| WHAT NEEDS TO BE DONE |
What is printed must match, line for line, the records from their first line through the line containing "参数方面,STIR的脂肪抑制", with pictures left out.

(SUPPLIED MATERIAL begins)

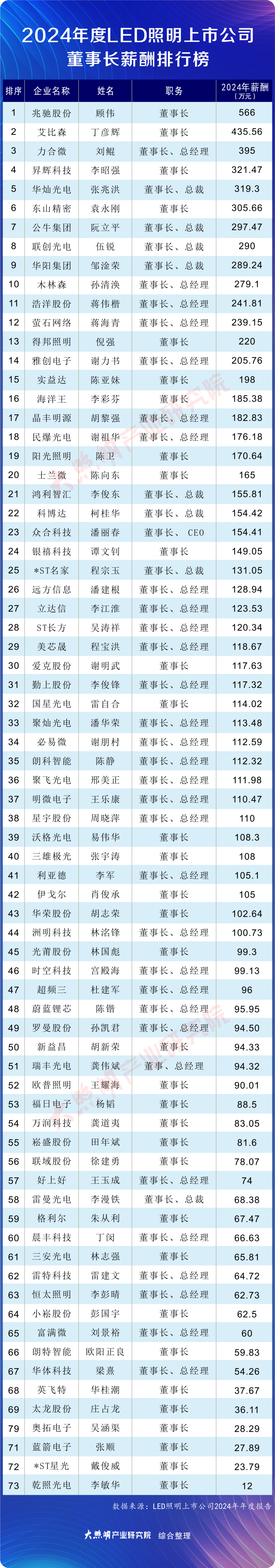 据大照明产业研究院不完全统计,在73位LED照明上市公司董事长中,丁彦辉以435.56万元的年薪高居第二位,仅次于 兆驰股份 董事长顾伟566万元年薪。此外, 力合微 、 昇辉科技 、 华灿光电 、 东山精密 等企业掌门人的年薪均超过300万元。
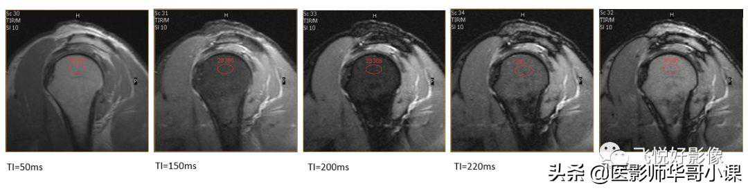 参数方面,STIR的脂肪抑制效果与TI值的设定密切相关。一组图中,除了TI所有参数都一样,TI依次增加,我们发现,第2和第3幅图脂肪抑制效果较好。
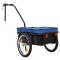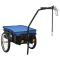 Remorque de vélo/chariot à main 155x60x83 cm acier bleuCe produit polyvalent, avec une caisse de transport, est parfait pour les trajets locaux ou les excursions longue distance. Cette remorque de vélo a une capacité de charge maximale de 50 kg. Elle est conçue avec un système d'accouplement à billes pour une fixation facile au vélo. Avec 2 poignées sur la barre d'attelage, cette remorque de marchandises peut également être utilisée comme chariot à main avec une capacité de charge maximale de 70 kg. Le support pliable vous permet de le stationner en toute sécurité sans avoir à vous soucier de son basculement. Grâce à la construction à cadre robuste en acier avec caisse de transport en plastique résistant aux chocs, cette remorque / ce wagon à main est très robuste et durable. La couverture en nylon amovible incluse est résistante aux intempéries et imperméable. Les réflecteurs colorés haute visibilité ont été ajoutés pour plus de sécurité. La remorque de cargaison de vélo est facile à assembler. Il peut y avoir des exigences légales locales en matière d'éclairage, de réflecteur, etc. Suivez les exigences locales et légales.
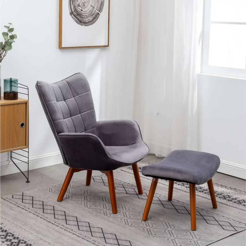Cavinas Silky Velvet Accent Chair With High Button-tufted Backrest And Ottoman,upholstered Living Room Chairs,reading Chairs For Living Room,gray
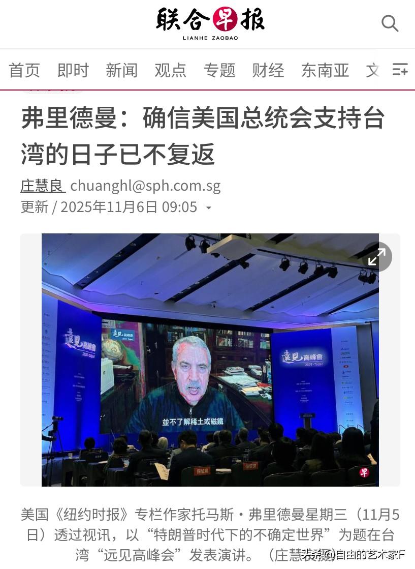 美国《纽约时报》专栏作家托马斯·弗里德曼11月5日参加台湾“远见高峰会”演说时:强调如今的世界局势变了,中美关系才是美国最为重要的关系,除此之外任何都不重要。 他呼吁台当局认清现实,过去那种可以确信美国总统支持台湾的日子,已经一去不复返了,建议台湾同大陆和平共处默默发展,要不然将沦落成乌克兰家破人亡的那样的局面。 评论两句:这个专栏作家的认知可比赖清德当局要清楚得多呀,面对着中国的强势崛起,美国的态度已经变成了“软抗中不保台”,这样的变化,不由得让人想起了一句话,美国前白宫副国安顾问博明曾说过,如果武统台湾,台湾必须独自抵挡两个月,美国才能赶到。现在就想问问赖清德当局到底扛不扛揍,如果不扛揍的话,建议还是夹起尾巴做人。台独只有死路一条,他们每一次的极端言论都会成为祖国加快统一步伐的推进剂。

(SUPPLIED MATERIAL ends)

| REPLY TO THE TASK |
 据大照明产业研究院不完全统计,在73位LED照明上市公司董事长中,丁彦辉以435.56万元的年薪高居第二位,仅次于 兆驰股份 董事长顾伟566万元年薪。此外, 力合微 、 昇辉科技 、 华灿光电 、 东山精密 等企业掌门人的年薪均超过300万元。
 参数方面,STIR的脂肪抑制效果与TI值的设定密切相关。一组图中,除了TI所有参数都一样,TI依次增加,我们发现,第2和第3幅图脂肪抑制效果较好。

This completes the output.